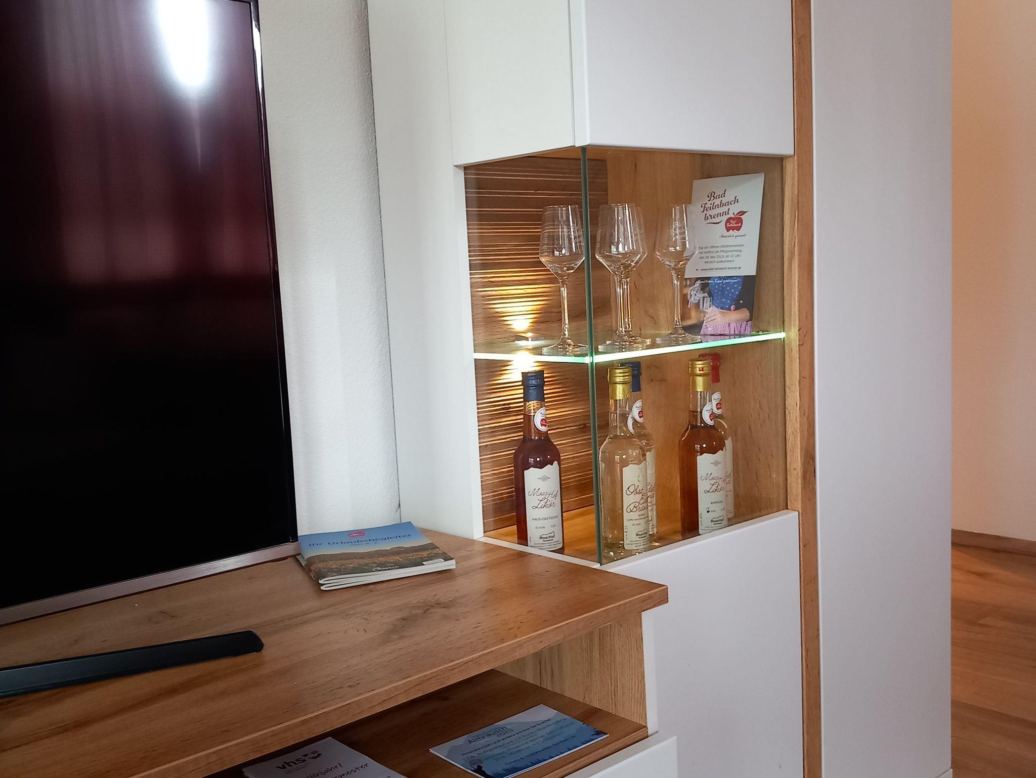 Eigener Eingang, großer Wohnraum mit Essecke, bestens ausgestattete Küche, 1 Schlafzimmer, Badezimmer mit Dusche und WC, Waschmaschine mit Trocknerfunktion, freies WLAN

++++++++++

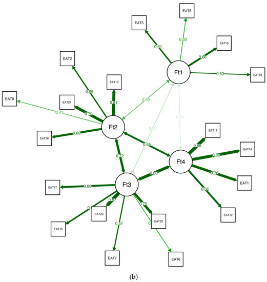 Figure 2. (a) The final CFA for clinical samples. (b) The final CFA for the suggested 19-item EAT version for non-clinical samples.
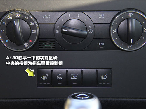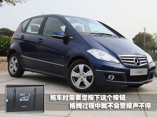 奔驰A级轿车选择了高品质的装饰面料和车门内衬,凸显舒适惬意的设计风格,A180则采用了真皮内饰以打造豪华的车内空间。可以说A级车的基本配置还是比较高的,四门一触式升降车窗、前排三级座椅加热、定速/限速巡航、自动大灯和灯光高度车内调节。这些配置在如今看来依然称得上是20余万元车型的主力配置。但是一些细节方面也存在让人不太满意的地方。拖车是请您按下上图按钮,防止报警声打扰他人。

++++++++++

## TASK DIRECTIONS:
Above are some records; quote exactly and only the lines that begin at the line containing "Figure 2. (a)" and stop after the line containing "奔驰A级轿车选择了高品质的装", leaving out the pictures.

## THE ANSWER:
 Figure 2. (a) The final CFA for clinical samples. (b) The final CFA for the suggested 19-item EAT version for non-clinical samples.
 奔驰A级轿车选择了高品质的装饰面料和车门内衬,凸显舒适惬意的设计风格,A180则采用了真皮内饰以打造豪华的车内空间。可以说A级车的基本配置还是比较高的,四门一触式升降车窗、前排三级座椅加热、定速/限速巡航、自动大灯和灯光高度车内调节。这些配置在如今看来依然称得上是20余万元车型的主力配置。但是一些细节方面也存在让人不太满意的地方。拖车是请您按下上图按钮,防止报警声打扰他人。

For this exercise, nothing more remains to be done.